Tonight, the clientele consists of a young couple at the bar playing cribbage and a small group meeting in the next room. My arrival does not excite the volunteer bartender at all, and I can’t blame her. Working on tips alone, she must be pulling in $4 an hour. It’s only 8 p.m., but she clearly wants to close up shop right now. I think I’ll try ordering a margarita just to watch her reaction.
Of course, margaritas aren’t on the menu at the V.F.W., but I’ll tell you what is: Egg and Sausage Hot Pockets. For two bucks, Miss Cheery Pants will chuck one of those in the microwave for you.
Resisting the urge to be a smartass, I order a simple beer and quietly take my seat. Soon, the meeting in the next room breaks up, and the bar area is graced with two more customers. One is the president of the auxiliary. The other is a drunken old man who keeps saying things everyone laughs at even though none of it seems to make sense.
For example, when the cribbage-playing couple decides to leave, the old man says to the young man, “Nice hat!” The young man says, “Yeah, it keeps me pretty warm.” The old man then puts on his own hat and says, “The kitchen dampens acrylics,” or something like that, and the young couple laughs and says, “Yeah.” Then they look at each other, shrug their shoulders, and move along.
There is, however, one thing the old man says that I understand. When the auxiliary president mentions paying $48 per month for electricity, the old man counters that he only pays $18 per month. She asks if the old man waits for the sun to come up every morning before he reads the paper, so he doesn’t have to turn on a light. He says he does. “At night I go to the bar and use their electricity,” he adds. “Suckers.”
I was here a few months ago when someone asked a different volunteer bartender why there wasn’t a sign in front of the building or at least a neon “open” light. She gave a pretty good answer: “Because there are too many goddamn thieves around.” Still, a guy at the bar who was on his way to a meeting in the basement promised he would bring up the lack of signage. He was made fun of the moment he left the room.
“There goes the next commander of the V.F.W.,” a guy at the bar joked. “We’ll be smoking pot and banging whores in the basement in no time.”
“I can’t smoke that stuff,” the bartender interjected. “It makes me giggle too much.”
The guy went on to tell me that the fellow he joked would be the next commander has already been “deputized” by the city of Duluth, and is responsible for closing city parks. “They gave him a gun,” he said. “They must be nuts. If someone deputized me, there’d be a lot of dead people, I’ll tell you that.”

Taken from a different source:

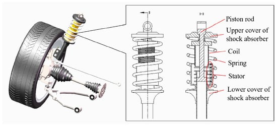 Of considerable interest are hydraulic systems, which use a fluid moved by the suspensions’ oscillations that expand inside hydraulic motors directly connected to electric generators ([,]). In addition to the recovery of electrical energy, these systems can improve driving comfort on irregular roads; the system proposed in [] is even able to recover energy through the pitch and roll oscillations of the vehicle, making it more stable. Systems using the electromagnetic principle are much more compact and simple (Zhou et al. [], Jiang et al. [], Hu et al. []). Such systems can be installed directly in the spring–damper system of the vehicle’s suspension, making it easy for the operator to access during maintenance. This technology certainly has several advantages, including simplicity of construction and ease of installation, and it does not require systems that convert motion since its operation adapts optimally to the linear movement of the suspension.

That was a good night. Tonight is a slow one. After I order my second beer, at 9 p.m., I’m told it’s last call. I see the auxiliary president and the old man have empty glasses in front of them. That means they’re just staying around until I leave, to make sure I don’t strangulate the bartender and steal the big-screen TV.
Finishing my beer, I decide to head to the back of the place and use the men’s room. On a bulletin board in the hall there’s a poster of some men in uniform holding up the flag and marching in a parade. Some of the spectators are standing and saluting. Some of them are sitting in folding chairs. There is a text box on the page that reads: “Have you noticed lately only seniors & veterans stand and honor our flag?” Someone took a marker and drew an arrow to the people sitting in chairs and labeled them, “Losers.”